Obama renews call for gun control

President Obama told American mayors on Friday that it’s not enough to show empathy for victims of gun violence but that leaders must also push for a change in public opinion that supports gun control.

If the country feels a sense of urgency to cut the availability of guns like the one used this week to commit mass murder in Charleston, S.C., members of Congress will follow their lead, the president said.

“Every country has violent, hateful or mentally unstable people,” Obama said. “What’s different is not every country is awash with easily accessible guns.”

“At some point as a country we have to reckon with what happens” as a result, Obama said. “It is not good enough simply to show sympathy.”

The remarks came in an address to the annual meeting of the U.S. Conference of Mayors, an assembly of hundreds in a massive hotel ballroom here. Many in the group applauded vigorously as Obama spoke about guns.

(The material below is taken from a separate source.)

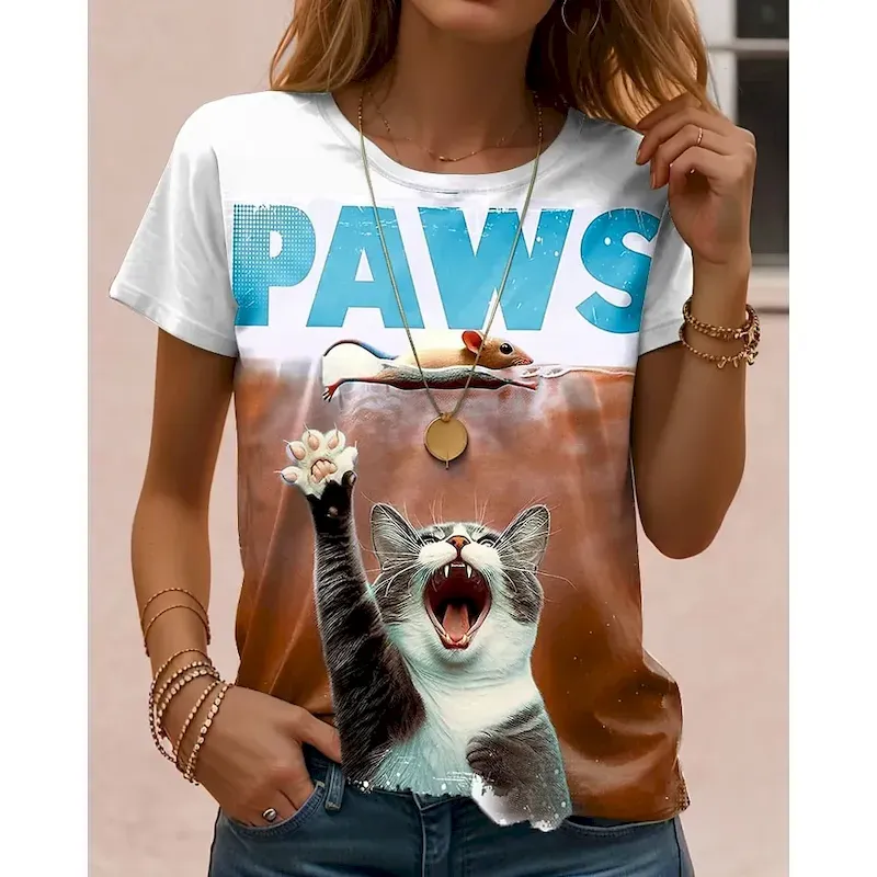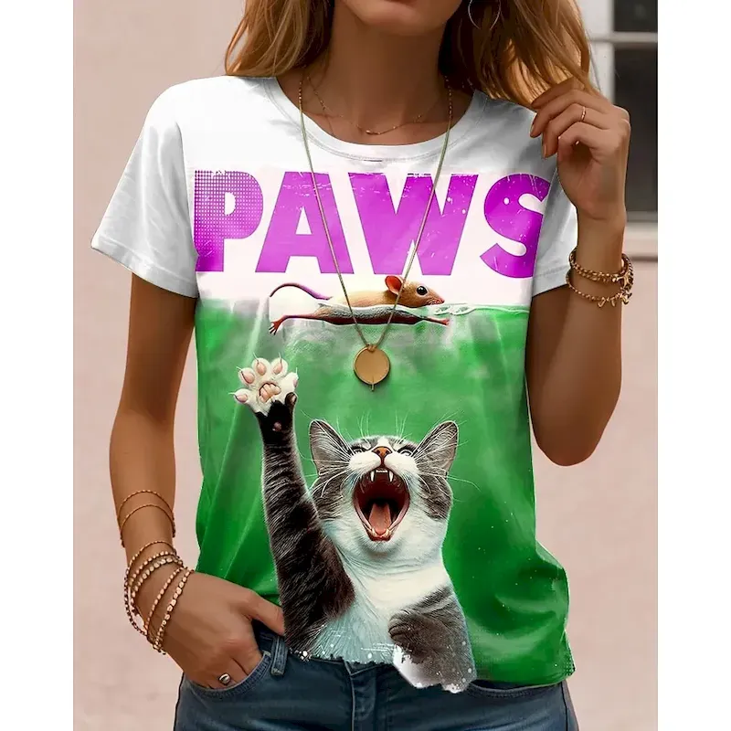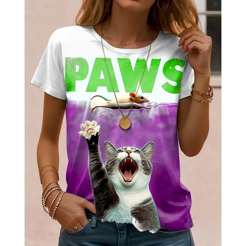 Women’s T Shirt Graphic Cat Letter Vintage Stylish Classic Short Sleeve Crew Neck Regular Tops Daily Weekend Print Blue Purple Green Khaki Summer Spring
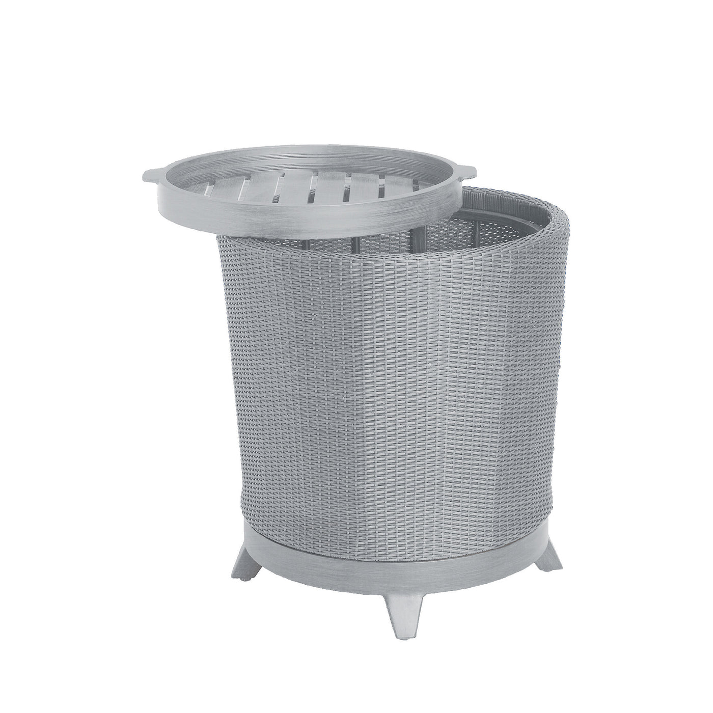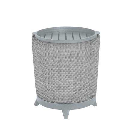 Introduce elegance and utility to your outdoor space with the Halo/Detron Round End Table in Oyster. This chic table combines the durability of N-Dura™ resin wicker with the strength of a wrought aluminum frame, offering a stylish solution to outdoor decor. Its innovative design features a removable tray top, seamlessly blending functionality with aesthetic appeal. The slatted tray ensures water drainage, making it perfect for poolside or patio settings. Ideal for serving, storage, or simply as a complement to your outdoor furniture ensemble, this versatile piece in a serene Oyster hue adds a touch of sophistication while promising longevity and ease of maintenance. Perfect for those seeking to enhance their outdoor living areas with functional elegance.

Mayors figured prominently in Obama’s push for gun control early in his second term after the shooting deaths of 20 children and six educators at Sandy Hook Elementary School in Newtown, Conn.

The effort turned out to be one of the biggest failures of his presidency and left White House officials resigned to the realities of gun control politics.

But the Charleston shootings have prompted Obama to discuss gun control anew.

On Friday, he turned to old allies in the fight.

He brought his case to mayors, Obama said, because mayors typically don't have the luxury of "blather." They get things done, he said.

"As much as we grieve this particular tragedy," Obama said of this week's killings, leaders must "step back and recognize these tragedies have become far too commonplace."

Few people understand the terrible toll of gun violence like mayors, who attend the funerals, oversee the police response and deal with the reverberations.

"It tears the fabric of the community," Obama said. "It costs this country dearly."

“Today’s politics makes it less likely … that this Congress would act,” he acknowledged. But he added: "I am not resigned. I have faith we will eventually do the right thing."